Please copy out the entries below exactly, beginning with the line that contains "2 Air/gas filter" and ending with the line that contains "7月21日18:18,宗保公", and include nothing outside that span.

━━━━━━━━━━━━━━━━━━━━

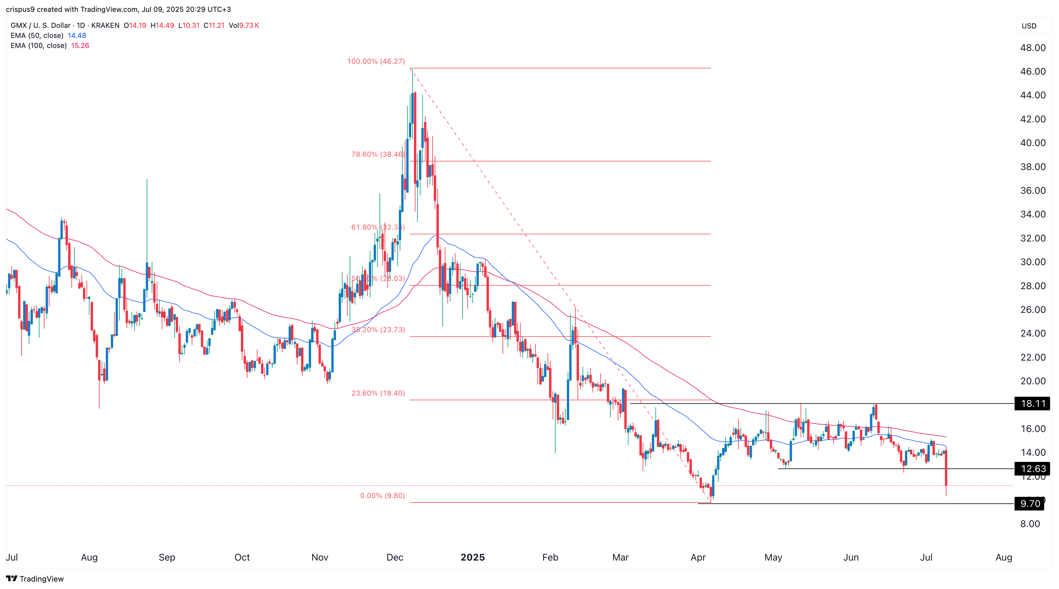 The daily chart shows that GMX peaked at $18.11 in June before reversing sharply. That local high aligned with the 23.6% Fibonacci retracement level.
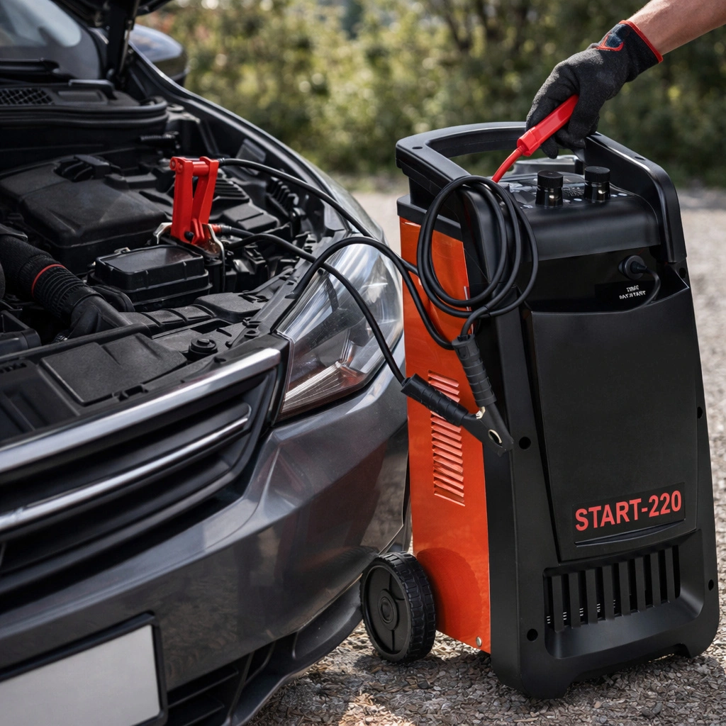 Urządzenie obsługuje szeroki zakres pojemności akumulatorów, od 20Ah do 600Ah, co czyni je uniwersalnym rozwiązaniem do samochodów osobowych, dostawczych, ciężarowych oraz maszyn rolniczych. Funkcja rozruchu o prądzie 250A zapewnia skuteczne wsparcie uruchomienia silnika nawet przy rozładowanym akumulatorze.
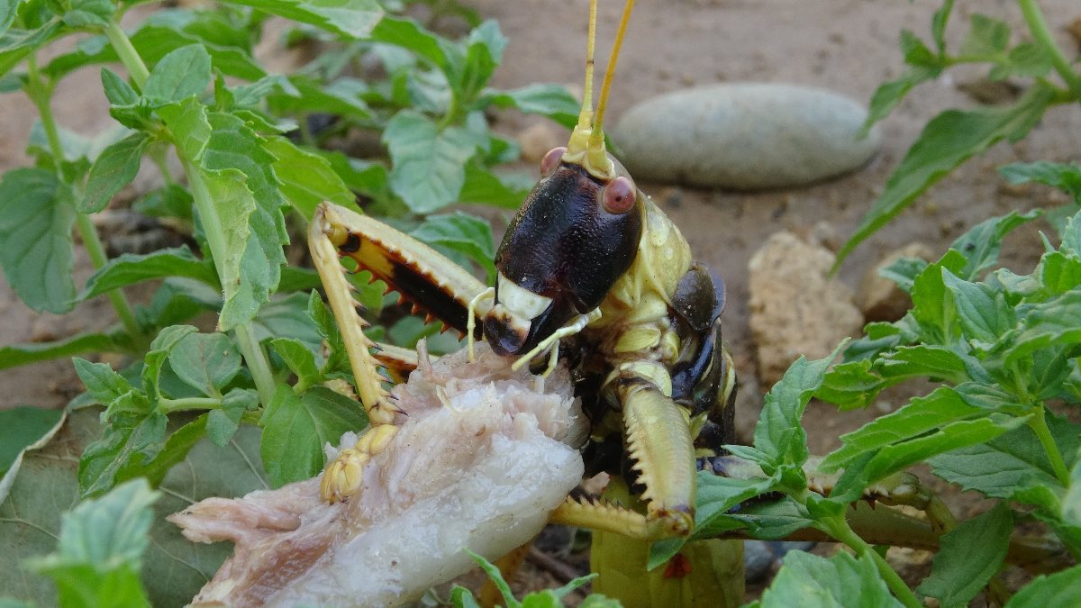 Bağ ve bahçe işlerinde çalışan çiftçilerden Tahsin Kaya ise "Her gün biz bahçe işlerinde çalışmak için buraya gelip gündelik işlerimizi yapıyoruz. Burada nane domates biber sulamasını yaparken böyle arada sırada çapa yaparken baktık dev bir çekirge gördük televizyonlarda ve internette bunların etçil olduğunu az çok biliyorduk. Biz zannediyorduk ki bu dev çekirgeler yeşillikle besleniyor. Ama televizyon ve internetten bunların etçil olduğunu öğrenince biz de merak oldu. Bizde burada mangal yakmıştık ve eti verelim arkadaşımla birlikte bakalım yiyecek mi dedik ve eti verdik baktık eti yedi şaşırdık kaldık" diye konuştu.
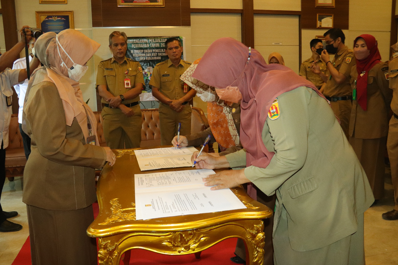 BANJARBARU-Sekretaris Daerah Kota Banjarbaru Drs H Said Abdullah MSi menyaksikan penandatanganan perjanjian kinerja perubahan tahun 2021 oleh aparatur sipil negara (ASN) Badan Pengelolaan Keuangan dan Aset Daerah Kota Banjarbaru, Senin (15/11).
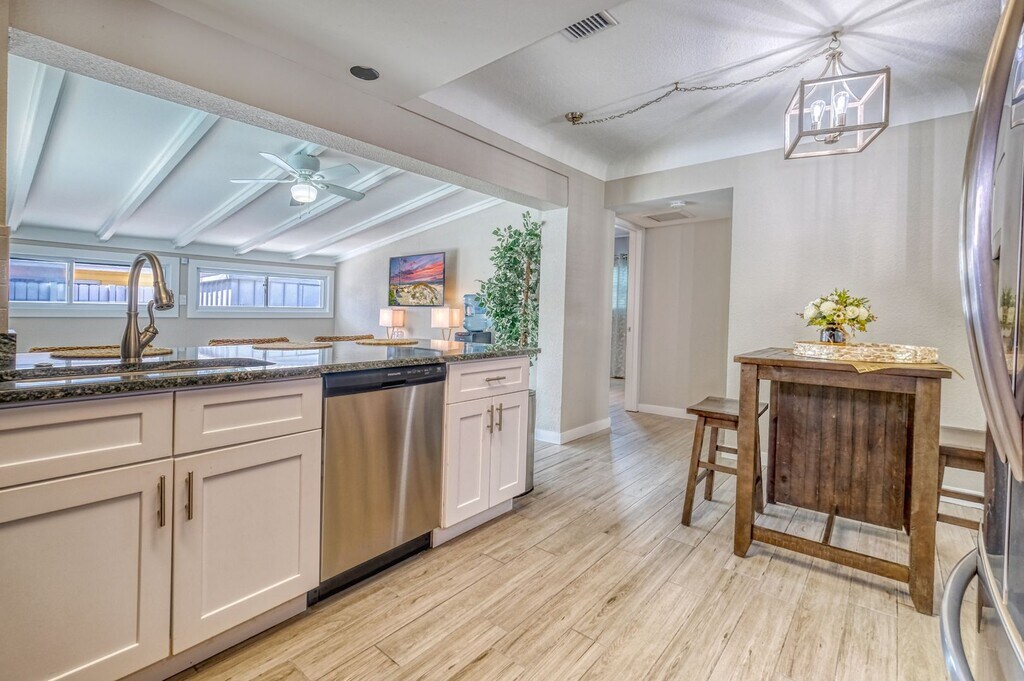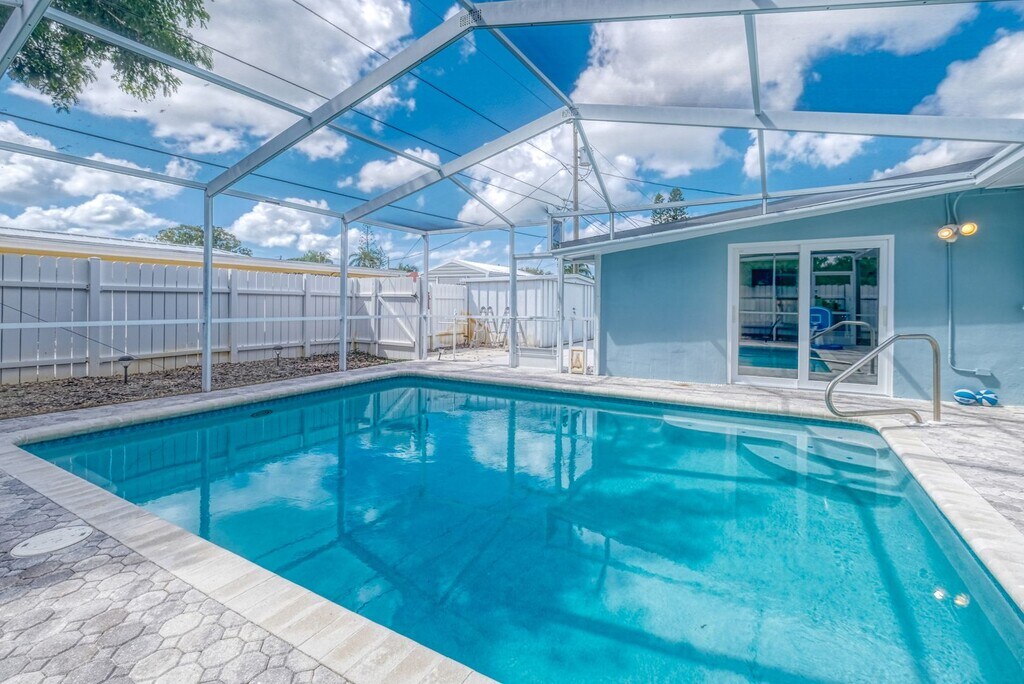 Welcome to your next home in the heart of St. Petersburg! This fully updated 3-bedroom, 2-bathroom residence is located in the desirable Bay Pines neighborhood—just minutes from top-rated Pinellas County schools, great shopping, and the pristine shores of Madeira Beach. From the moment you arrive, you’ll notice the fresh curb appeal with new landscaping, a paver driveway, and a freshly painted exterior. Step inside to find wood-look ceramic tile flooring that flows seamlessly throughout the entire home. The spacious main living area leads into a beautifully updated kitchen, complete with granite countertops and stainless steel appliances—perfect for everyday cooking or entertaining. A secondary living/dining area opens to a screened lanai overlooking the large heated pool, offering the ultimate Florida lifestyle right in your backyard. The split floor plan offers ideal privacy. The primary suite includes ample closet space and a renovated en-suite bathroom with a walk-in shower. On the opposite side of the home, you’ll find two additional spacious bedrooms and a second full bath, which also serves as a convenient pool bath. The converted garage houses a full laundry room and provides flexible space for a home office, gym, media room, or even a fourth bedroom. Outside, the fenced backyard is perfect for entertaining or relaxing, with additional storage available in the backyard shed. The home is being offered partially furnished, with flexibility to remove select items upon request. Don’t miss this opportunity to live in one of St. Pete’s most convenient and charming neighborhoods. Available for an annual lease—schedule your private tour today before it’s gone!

━━━━━━━━━━━━━━━━━━━━

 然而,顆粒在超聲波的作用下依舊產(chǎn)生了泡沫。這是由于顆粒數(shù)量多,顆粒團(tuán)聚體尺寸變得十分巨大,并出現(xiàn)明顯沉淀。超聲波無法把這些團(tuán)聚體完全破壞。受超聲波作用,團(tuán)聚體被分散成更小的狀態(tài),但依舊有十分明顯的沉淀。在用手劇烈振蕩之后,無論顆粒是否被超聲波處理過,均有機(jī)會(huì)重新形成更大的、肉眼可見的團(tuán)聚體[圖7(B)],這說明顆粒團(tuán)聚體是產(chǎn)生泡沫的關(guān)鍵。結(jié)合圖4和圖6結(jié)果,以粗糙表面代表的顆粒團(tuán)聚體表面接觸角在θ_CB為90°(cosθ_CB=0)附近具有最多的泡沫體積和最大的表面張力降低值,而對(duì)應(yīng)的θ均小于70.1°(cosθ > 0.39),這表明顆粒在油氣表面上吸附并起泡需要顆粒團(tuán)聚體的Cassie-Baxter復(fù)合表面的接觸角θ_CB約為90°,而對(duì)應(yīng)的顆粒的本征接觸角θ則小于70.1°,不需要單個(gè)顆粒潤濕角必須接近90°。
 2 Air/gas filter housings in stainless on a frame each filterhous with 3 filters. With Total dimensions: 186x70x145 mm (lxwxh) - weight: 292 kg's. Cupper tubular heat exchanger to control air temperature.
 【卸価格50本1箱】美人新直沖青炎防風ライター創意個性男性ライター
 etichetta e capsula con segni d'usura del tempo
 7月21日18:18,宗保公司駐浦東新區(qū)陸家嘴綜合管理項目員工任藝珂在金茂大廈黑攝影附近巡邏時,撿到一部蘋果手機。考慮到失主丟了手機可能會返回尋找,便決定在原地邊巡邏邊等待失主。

━━━━━━━━━━━━━━━━━━━━

= Solution to the exercise =
 2 Air/gas filter housings in stainless on a frame each filterhous with 3 filters. With Total dimensions: 186x70x145 mm (lxwxh) - weight: 292 kg's. Cupper tubular heat exchanger to control air temperature.
 【卸価格50本1箱】美人新直沖青炎防風ライター創意個性男性ライター
 etichetta e capsula con segni d'usura del tempo
 7月21日18:18,宗保公司駐浦東新區(qū)陸家嘴綜合管理項目員工任藝珂在金茂大廈黑攝影附近巡邏時,撿到一部蘋果手機。考慮到失主丟了手機可能會返回尋找,便決定在原地邊巡邏邊等待失主。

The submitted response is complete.